Continuing last week’s UFO theme….
Roswell aliens theory revived by deathbed confession | NEWS.com.au
He saw two bodies on the floor, partially covered by a tarpaulin.They are described in his statement as about 1.2m tall, with disproportionately large heads.
Towards the end of the affidavit, Haut concludes: “I am convinced that what I personally observed was some kind of craft and its crew from outer space”.
What’s particularly interesting about Walter Haut is that in the many interviews he gave before his death, he played down his role and made no such claims.
Had he been seeking publicity, he would surely have spoken about the craft and the bodies.
Did he fear ridicule, or was the affidavit a sort of deathbed confession from someone who had been part of a cover-up, but who had stayed loyal to the end?
The possibilities here are not, as you might think, restricted to “he’s lying, deluded, or crazy” and “aliens crashed at Roswell.” UFO writer Nick Redfern has argued in his book Body Snatchers in the Desert that small, “alien”-like bodies were in fact observed in crash debris at the site, as so many claim, but that they had nothing to do with outer space — they were, he claims, bodies of deformed or surgically altered humans — well, according to the book-cover blurb:
Now, through never-before-revealed testimony from military whistleblowers, eyewitness intelligence reports, and an astonishing body of corroborative evidence, Nick Redfern lays out a shockingly plausible new theory on the Roswell incident: that the crash-site discovery of prototype military aircraft would expose a damning secret — a highly confidential, U.S. government-sanctioned program to conduct medical experiments on deformed, handicapped, disfigured, and diseased Japanese POWs, exploited as “expendable” victims by their captors.
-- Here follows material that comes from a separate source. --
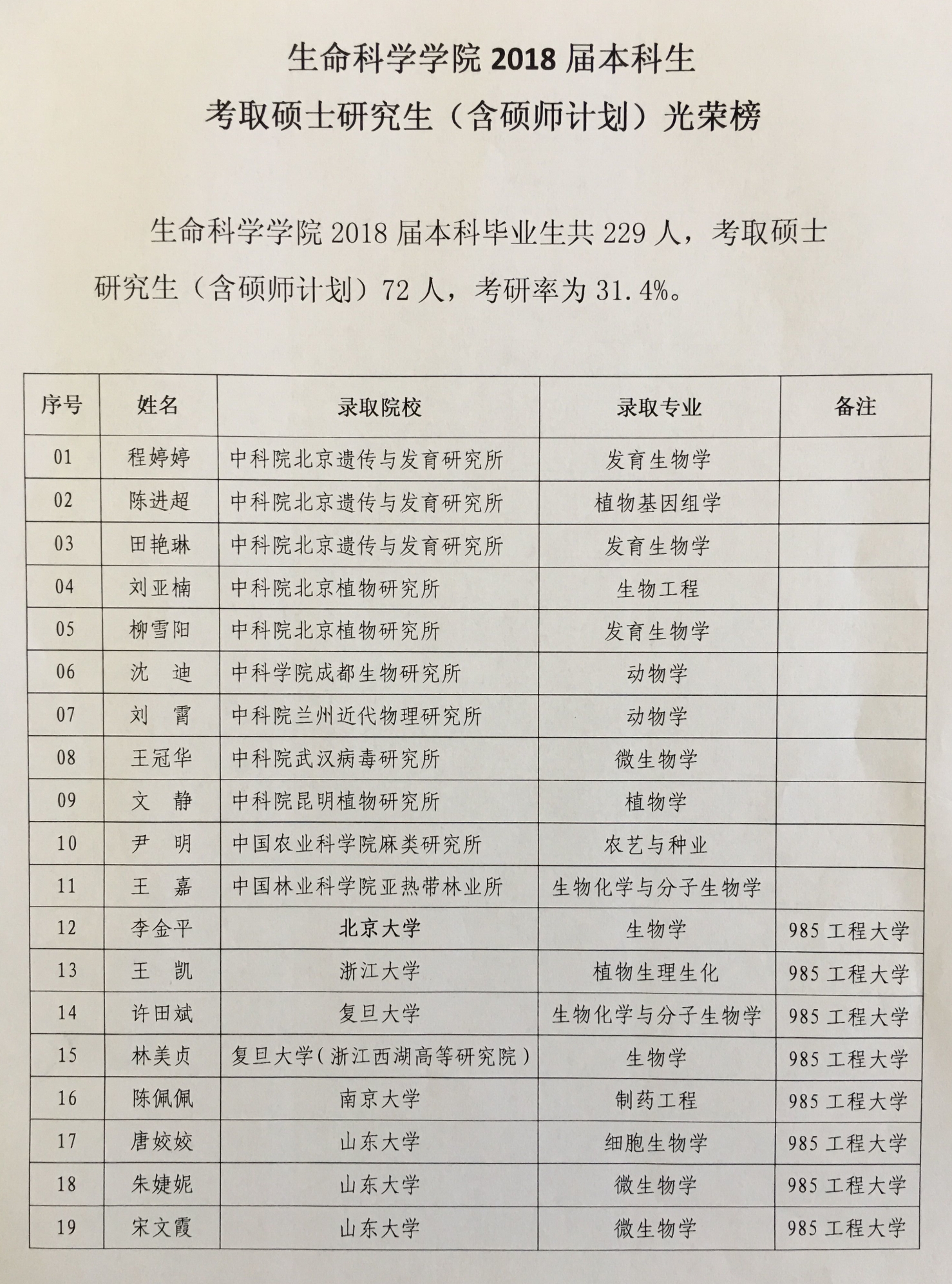 金沙城js93线路检测中心2018届本科毕业生考研光荣榜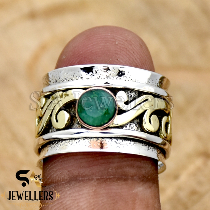 Indian Emerald Silver Ring, Handmade 925 Sterling Silver Ring, Wide Band Two Tone Ring

I haven’t read the book (though I might… a local library has it), and I don’t find the notion that such a thing could have happened very likely on the face of it, but our government has done some pretty messed up things in the course of the Cold War, and it’s an idea worth keeping in mind when considering whether to give any credibility to “I saw bodies at Roswell” claims… it doesn’t have to mean little green men.